Harga Cabai Turun, Komoditas Ini yang Merangkak Naik

Harga cabai rawit yang sebelumnya mengalami kenaikan hingga di atas Rp 100.000 per kg, saat ini sudah turun menjadi Rp 60.000 per kg.

BUMBU DAPUR - Penjualan bumbu dapur di Pasar Badung.

Denpasar (bisnisbali.com) – Harga cabai rawit yang sebelumnya mengalami kenaikan hingga di atas Rp 100.000 per kg, saat ini sudah turun menjadi Rp 60.000 per kg. Di sisi lain, harga daging ayam justru mengalami kenaikan yang kini mencapai Rp 40.000 per kg.

Salah seorang pedagang bumbu dapur di Pasar Badung, Ni Wayan Wandri, Senin (5/4), mengatakan turunnya harga cabai rawit terjadi sejak sepekan terakhir. “Hari ini (kemarin-red) malah sudah naik Rp 5.000 per kg. Sebelumnya sempat Rp 55.000 per kg,” ungkapnya.

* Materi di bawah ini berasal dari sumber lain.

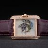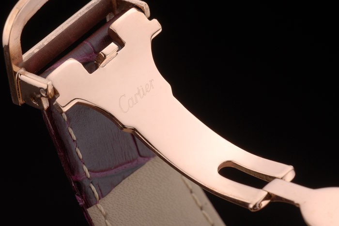 Bracelet: Cartier Replica heat embossed purple crocodile leather strap with 18k rose-gold plated fold-in buckle clasp
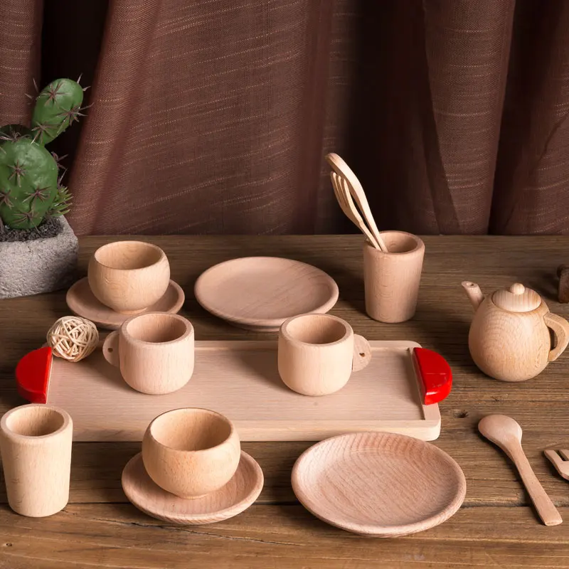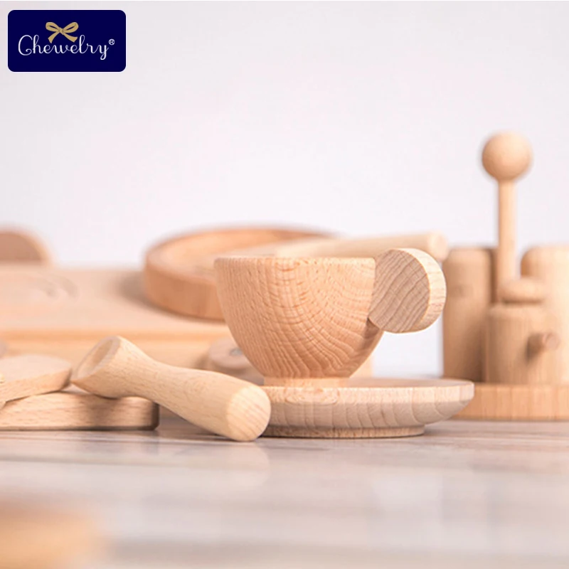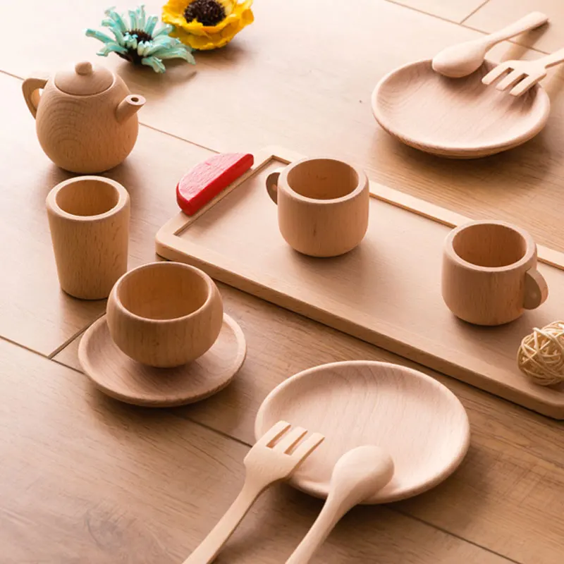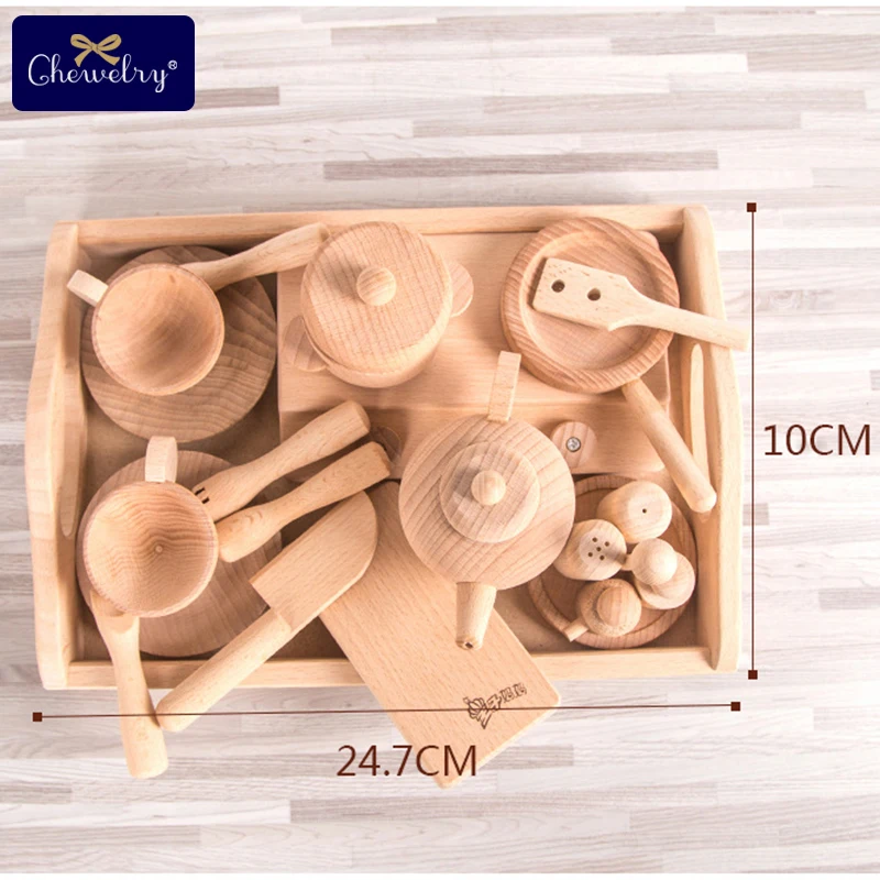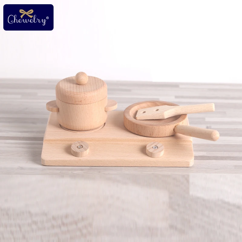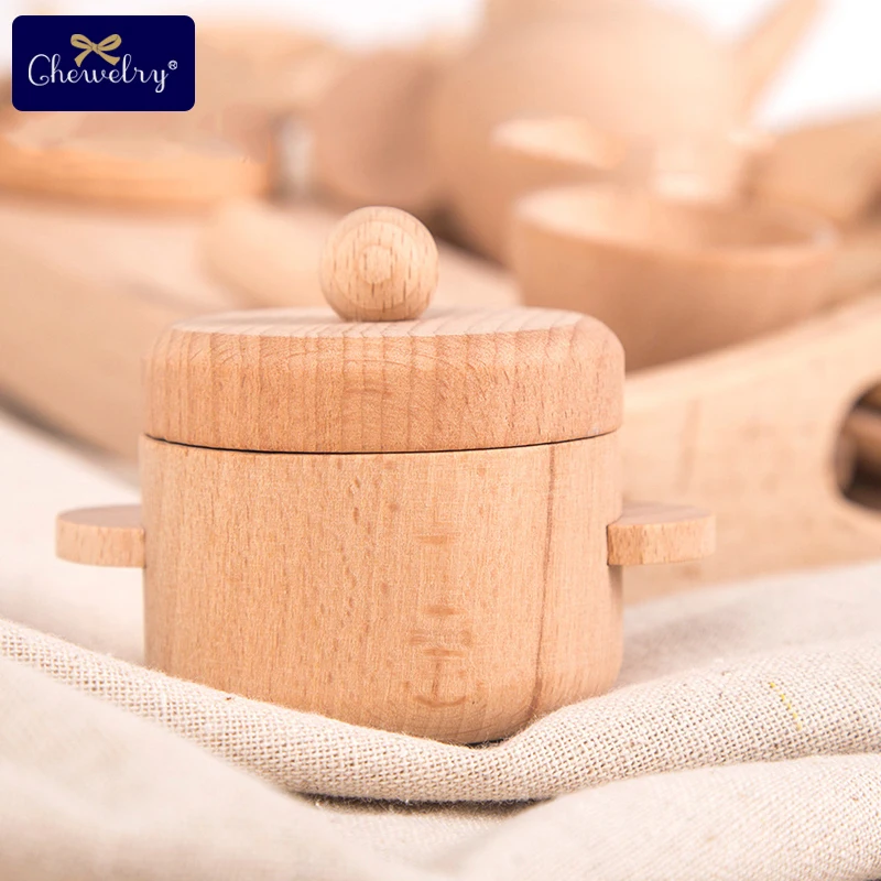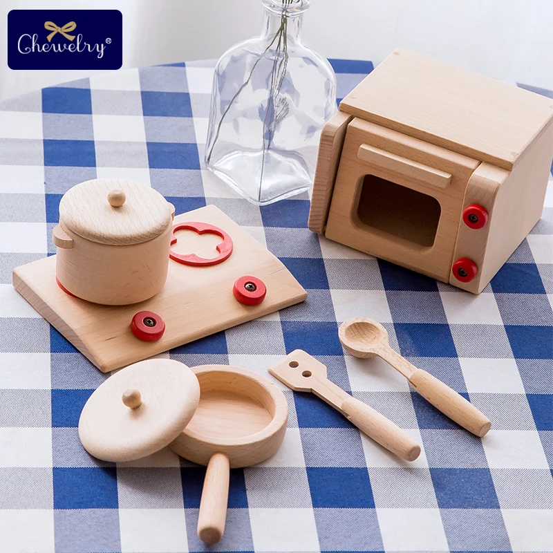 Деревянный кухонный набор для детей, набор из чайных горшков из бука, игрушка, барбекю, 1:12, кухонные аксессуары, детские товары Монтессори, подарок, 1 комплект
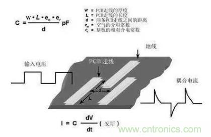 圖5在PCB上布兩條靠近的走線,很容易形成寄生電容。由于這種電容的存在,在一條走線上的快速電壓變化,可在另一條走線上產(chǎn)生電流信號(hào)。
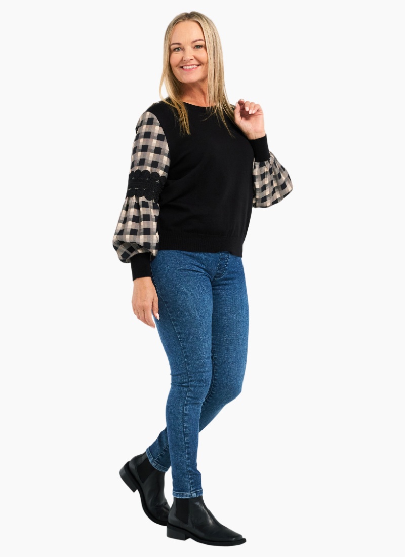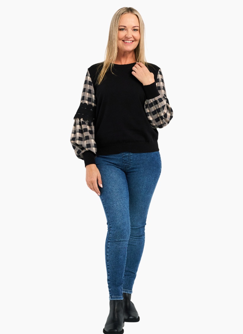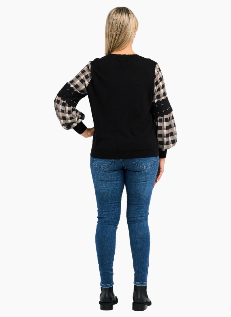 Introducing the Lilith Top from Zafina. This statement piece pairs a soft black knit body with checked puff sleeves for an easy, modern look.
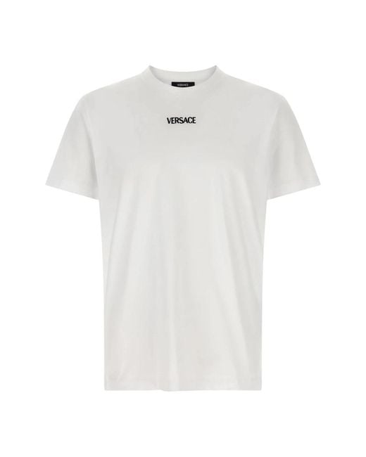 Versace Embroidered Cotton-Jersey Slim T-Shirt combines a slim silhouette with a distinctive embroidered logo for a refined everyday tee. Key attributes: White | Bianco | Cotton | Ribbed crew neck | Short sleeves | Contrasting logo embroidery on front | Straight hem | Dimensions & fit: Height: 185 cm | Chest: 94 cm | Waist: 75 cm | Hips: 93 cm | Shoulders: 48 cm | Slim fit | Model is wearing size M. | Composition & care: 100% cotton | Embroidery: 100% polyester | Trim: 100% cotton
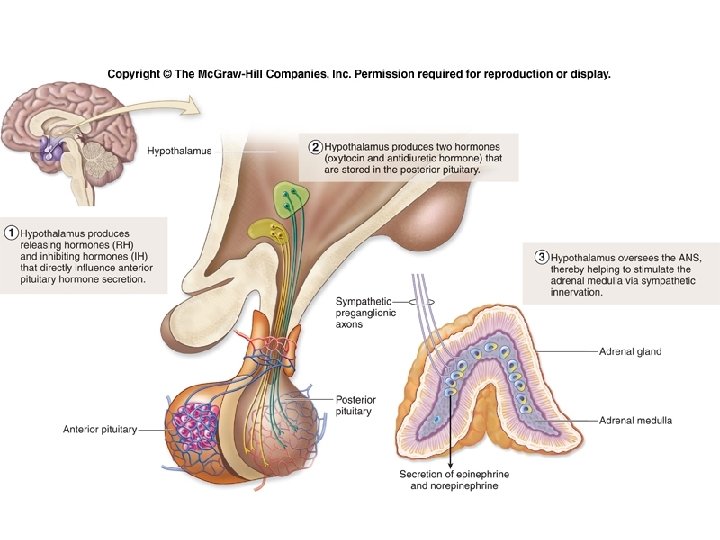 Hypothalamic Control of the Endocrine System • Hypothalamus produces two hormones that are transported to and stored in the posterior pituitary. – oxytocin – antidiuretic hormone (ADH) • Hypothalamus directly oversees the stimulation and hormone secretion of the adrenal medulla. – An endocrine structure that secretes its hormones in response to stimulation by the sympathetic nervous system. • Some endocrine cells are not under direct control of hypothalamus.
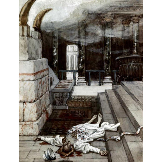Zacharias Killed Between The Temple and The Altar Black Modern Wood Framed Art Print with Double Matting by Tissot, James Jacques
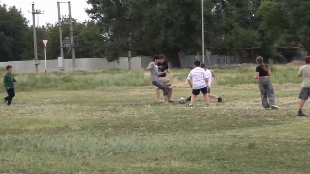 Сельские мальчишки и девчонки отлично играют в футбол
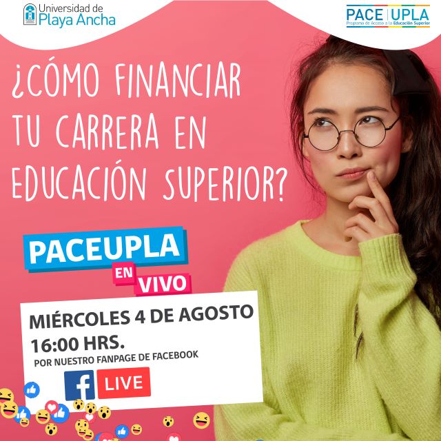 La Universidad de Playa Ancha a través del Programa de Acceso a la Educación Superior (PACE) 2021 y de su componente de Preparación en la Enseñanza Media (PEM), realizará una nueva sesión En Vivo, el miércoles 4 de agosto, a las a las 16 horas, con el tema “¿Cómo financiar tu carrera en Educación Superior?»
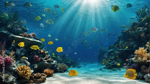 Naklejka premium Serene Blue Ocean and Sparkling Sunlight Scene
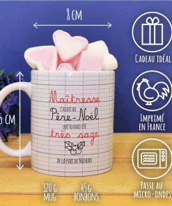 – Inscription : “Maîtresse j’ai dit au Père Noël que tu avais été très sage”
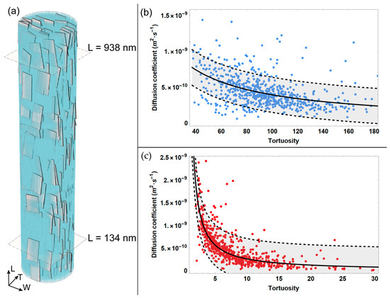 Diffusion coefficient achieved from MSD data analysis versus tortuosity for two reference quotes (a) that are characterized by minimum (c) and maximum (b) values of tortuosity. The light grey bands in (b,c) represent the confidence interval at 95%.
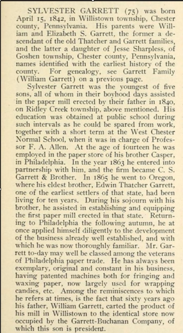 Sylvester Garrett was in the paper business for seventeen years with his three brothers at 9 South Front Street in Philadelphia before 1873, when he became one of the founders of the firm of Garrett-Buchanan Co. He was active in this large paper firm until his retirement in 1906
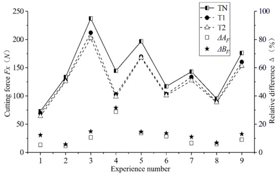 As shown in Figure 10, we conducted a comparison of the cutting force between the traditional plane tool and the newly designed curved tools under different cutting parameters. Under all cutting parameters, the cutting force of the newly designed curved tools was significantly lower than that of the conventional plane tool. Figure ΔAF and ΔBF, respectively, for the T1 and T2 tools, show the difference value of the tools relative to the traditional TN. The calculation formula is shown in Equation (3):
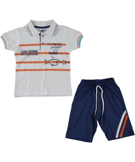 Set tricou si pantaloni scurti din bumbac. Tricou Polo cu manca scurta Pantaloni scurti cu elastic moale...
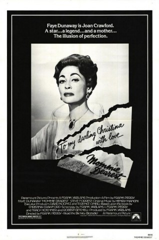 When her adoptive mother Joan Crawford died in 1977, erstwhile actress/author Christina Crawford and her brother Christopher were left out of Joan Crawford's will, "for reasons which are well known to them." Industryites have suggested that it may have been this posthumous act of rejection rather than an alleged lifetime of parental abuse that inspired Christina Crawford to pen her scathing autobiography Mommie Dearest. The 1981 film version of this tome was evidently meant to be taken seriously, but the operatic direction by Frank Perry and the over-the-top portrayal of Joan Crawford by Faye Dunaway (whose makeup is remarkable) has always seemed to inspire loud laughter whenever and where-ever the film is shown. According to the film (and the book that preceded it), Joan Crawford was a licentious, child-beating behemoth, who stalked and postured through life as though it was one of her own pictures-more Strait-jacket than Mildred Pierce.
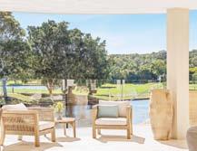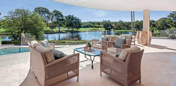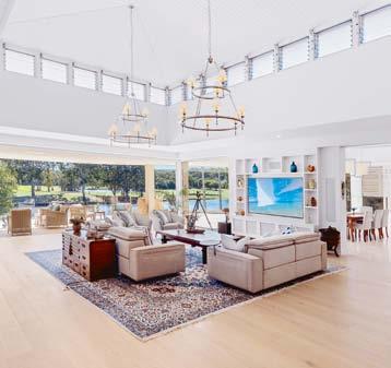 thevoluminousspacesaredrenchedwithdappled naturallightthankstosurroundingclerestorywindows, cofferedceilingsandnorth-facingglasspanelswhich disappearinaseamlessfashiontothealfrescoterraces. Theglisteningpoolandlowerpartoftheterrace ostensiblyhoveroverthelily-paddedlakeseparating theresidencefromthe17thfairwayandbeyond. Doubleeaglebeforelunchanyone?
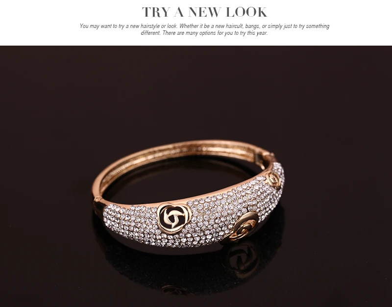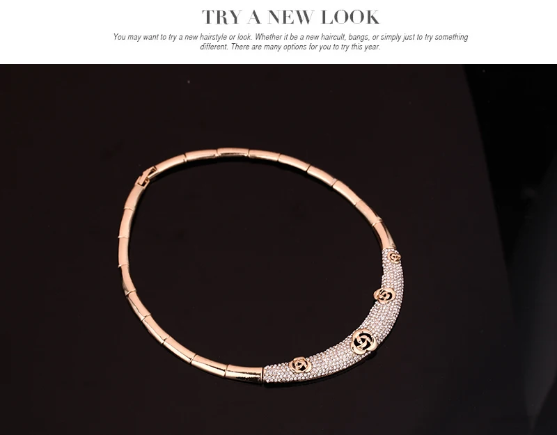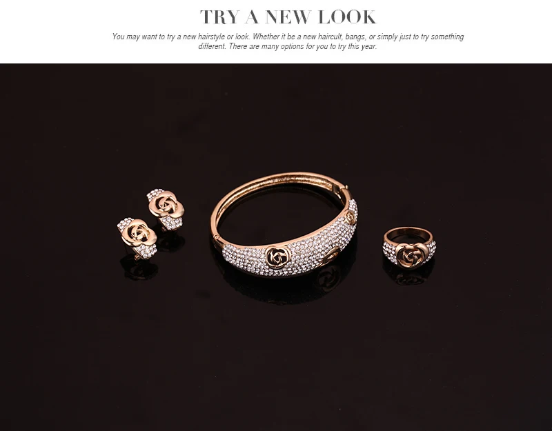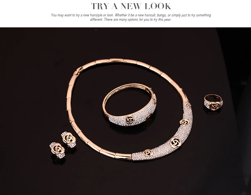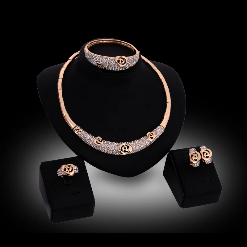 New Fashion Wedding Jewelry Set Gold Color Full Rhinestone Necklace Bangle Ring Earrings Party Set
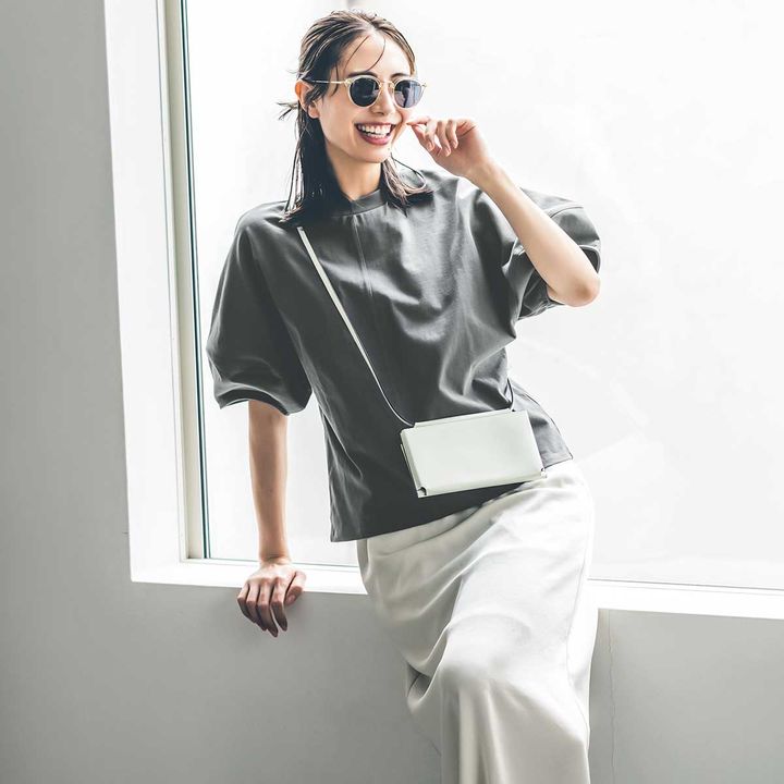 ほどよくハリがある素材のおかげで、シンプルなワンツーコーデもきちんと見える!アウトさせても好バランスに仕上がる優秀シルエット。Tシャツ¥12,100(カーサフライン/買えるCLASSY.)スカート¥18, 700(マイカアンドディール/マイカアンドディール恵比寿店)バッグ¥31,900(オルセット/オルサ)サングラス¥52,800(アイヴァン/アイヴァン東京ギャラリー)

Untuk pasokan, Wandri menyebutkan, sejauh ini masih aman. Tidak ada kendala ataupun kesulitan. Demikian untuk ke depan khususnya mendekati hari raya Galungan dan Kuningan, dia belum berani memprediksi akankah harga tetap sama atau sebaliknya mengalami kenaikan, sesuai dengan meningkatnya permintaan. “Terlebih saat itu juga berbarengan dengan mulainya puasa. Belum bisa dipastikan sih,” ujarnya.

Sementara, pedagang daging ayam potong, I Gusti Ayu Suhaeni menyebutkan, saat ini harga daging ayam sudah mencapai Rp 40.000 per kg atau naik Rp 5.000 dibandingkan sebelumnya. Dia mengaku tidak mengetahui penyebab kenaikan harga. “Kurang tahu juga. Permintaan masih seperti biasa,” jelasnya.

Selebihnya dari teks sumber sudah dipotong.